León Trahtemberg
Correo, 20 de junio del 2025
Durante décadas, la escuela ha operado como un restaurante de menú fijo. Los profesores cocinan los contenidos, los sirven en porciones iguales, y los alumnos los consumen en silencio, agradeciendo o disimulando la indigestión. Se les evalúa por su capacidad para repetir con exactitud la receta. Pero comer no es crear. Y aprender no es tragar.
¿Y si en vez de comensales los tratáramos como cocineros? ¿Y si el aula fuera una cocina experimental, donde cada alumno pudiera combinar ingredientes a su modo, probar sabores nuevos, arriesgarse con recetas propias, fallar y volver a intentar?
En la educación de vanguardia, el estudiante no es el destinatario de lo sabido, sino el autor de lo que está por descubrir. La información no se sirve en bandeja. Se busca, se mezcla, se cuestiona, se convierte en expresión. Aprender se parece más a escribir una canción que a copiar una partitura.

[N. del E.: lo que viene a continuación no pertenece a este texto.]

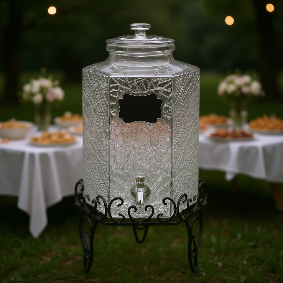 Glass Beverage Dispenser 2.5 Gal With Stand Rectangle Shape Food Grade Standard Tap For Parties

Más a construir un refugio que a memorizar su plano.
El reto para los educadores es dejar de ser mozos de contenido y convertirse en mentores de proceso. Abrir espacios para la creatividad, la iniciativa, el error fértil. Permitir que el aprendizaje tenga olor, textura, fuego. Porque el conocimiento que se cocina desde dentro deja huella. No es efímero, no se digiere y se olvida: se convierte en parte del que aprende.
La pregunta ya no es “¿qué le vamos a enseñar hoy?”, sino “¿qué va a producir hoy este estudiante con lo que descubra?”. Solo así, la educación dejará de ser una experiencia de consumo… y se convertirá en una experiencia de transformación.